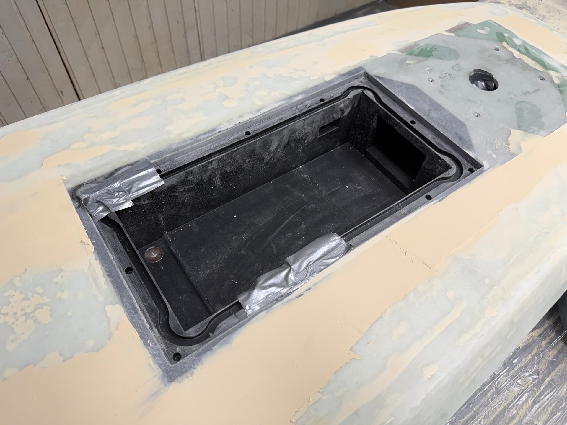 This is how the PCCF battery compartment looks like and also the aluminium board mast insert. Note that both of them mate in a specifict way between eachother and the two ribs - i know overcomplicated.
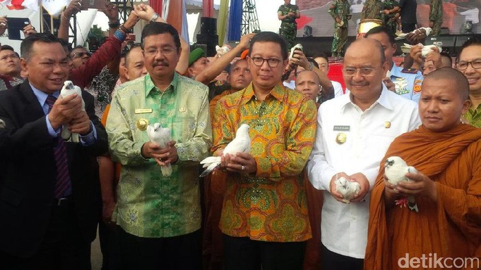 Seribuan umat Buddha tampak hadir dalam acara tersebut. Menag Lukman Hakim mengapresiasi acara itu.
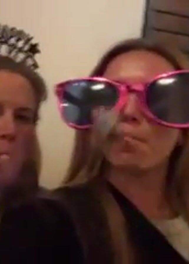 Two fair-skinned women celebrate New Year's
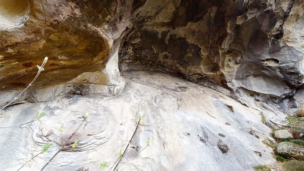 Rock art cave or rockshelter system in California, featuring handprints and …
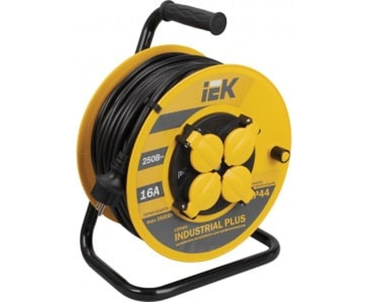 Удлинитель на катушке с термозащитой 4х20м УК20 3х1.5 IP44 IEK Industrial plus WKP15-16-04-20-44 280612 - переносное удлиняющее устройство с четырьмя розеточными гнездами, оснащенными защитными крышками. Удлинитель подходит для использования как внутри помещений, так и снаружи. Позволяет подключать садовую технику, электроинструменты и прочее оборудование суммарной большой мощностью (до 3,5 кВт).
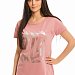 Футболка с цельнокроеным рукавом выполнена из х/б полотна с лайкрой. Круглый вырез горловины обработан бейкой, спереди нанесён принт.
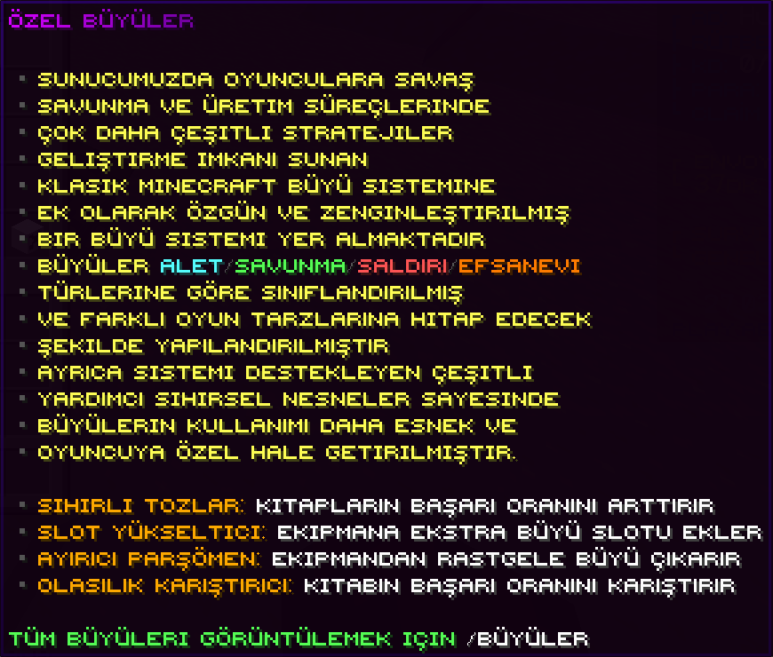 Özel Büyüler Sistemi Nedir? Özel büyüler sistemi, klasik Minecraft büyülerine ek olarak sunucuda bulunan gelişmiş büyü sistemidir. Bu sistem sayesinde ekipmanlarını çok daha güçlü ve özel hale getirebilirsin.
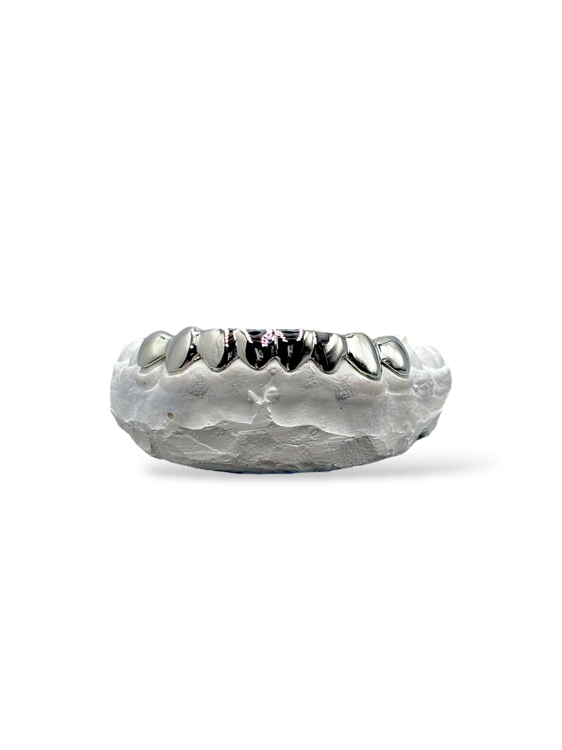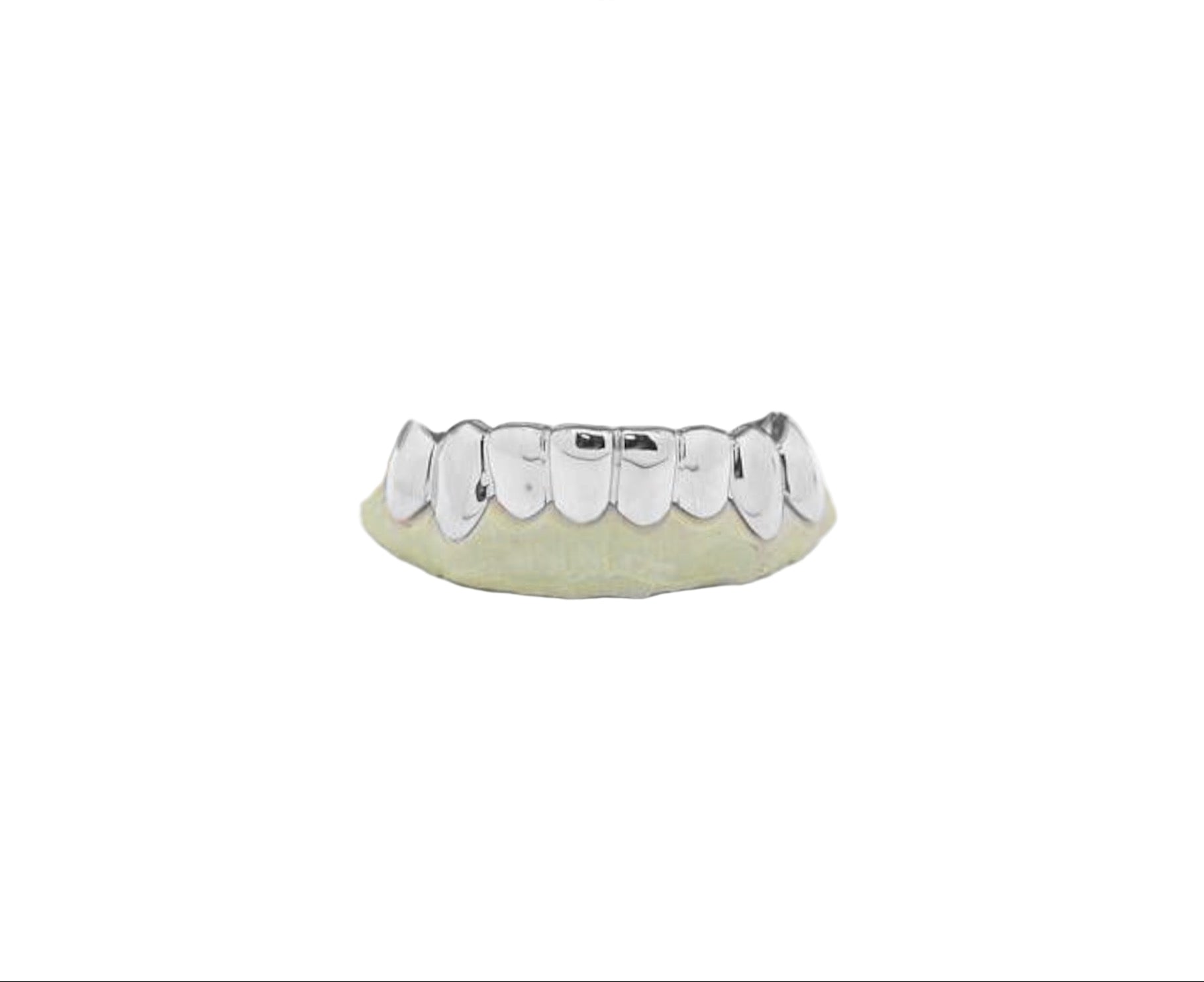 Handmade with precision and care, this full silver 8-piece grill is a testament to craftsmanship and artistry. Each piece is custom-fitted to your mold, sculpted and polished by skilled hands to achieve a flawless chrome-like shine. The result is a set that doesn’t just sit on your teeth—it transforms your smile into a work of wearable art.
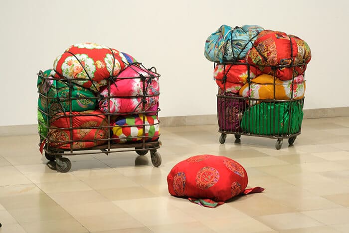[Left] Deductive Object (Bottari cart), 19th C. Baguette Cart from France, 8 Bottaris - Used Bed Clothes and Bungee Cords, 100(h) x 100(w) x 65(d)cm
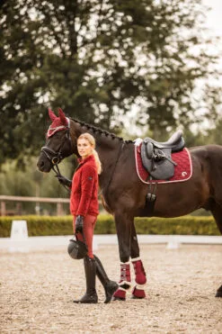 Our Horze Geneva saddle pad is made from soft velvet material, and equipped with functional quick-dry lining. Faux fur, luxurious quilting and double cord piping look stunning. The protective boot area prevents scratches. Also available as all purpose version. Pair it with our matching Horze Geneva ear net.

^^^^^^^^

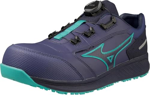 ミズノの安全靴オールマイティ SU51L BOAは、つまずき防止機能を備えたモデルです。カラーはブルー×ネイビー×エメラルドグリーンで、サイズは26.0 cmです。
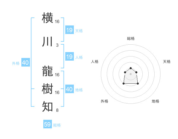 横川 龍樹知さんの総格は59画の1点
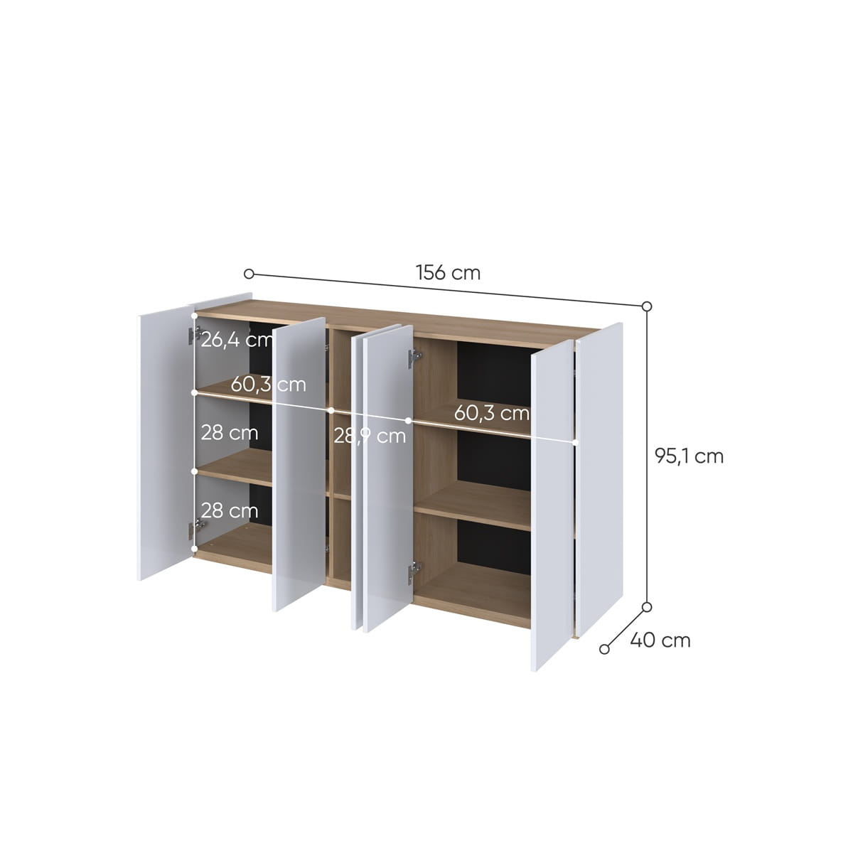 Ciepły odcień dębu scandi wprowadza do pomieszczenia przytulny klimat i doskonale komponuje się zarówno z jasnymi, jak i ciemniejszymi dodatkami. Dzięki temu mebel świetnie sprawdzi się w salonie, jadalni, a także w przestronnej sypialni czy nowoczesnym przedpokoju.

^^^^^^^^

**Instructions to follow**: Set down again, word for word, every line from the one with "Rock art cave" to the one with "Özel Büyüler Sistemi Nedir?" in the entries above, and omit the pictures.

**Answer**:
 Rock art cave or rockshelter system in California, featuring handprints and …
 Удлинитель на катушке с термозащитой 4х20м УК20 3х1.5 IP44 IEK Industrial plus WKP15-16-04-20-44 280612 - переносное удлиняющее устройство с четырьмя розеточными гнездами, оснащенными защитными крышками. Удлинитель подходит для использования как внутри помещений, так и снаружи. Позволяет подключать садовую технику, электроинструменты и прочее оборудование суммарной большой мощностью (до 3,5 кВт).
 Футболка с цельнокроеным рукавом выполнена из х/б полотна с лайкрой. Круглый вырез горловины обработан бейкой, спереди нанесён принт.
 Özel Büyüler Sistemi Nedir? Özel büyüler sistemi, klasik Minecraft büyülerine ek olarak sunucuda bulunan gelişmiş büyü sistemidir. Bu sistem sayesinde ekipmanlarını çok daha güçlü ve özel hale getirebilirsin.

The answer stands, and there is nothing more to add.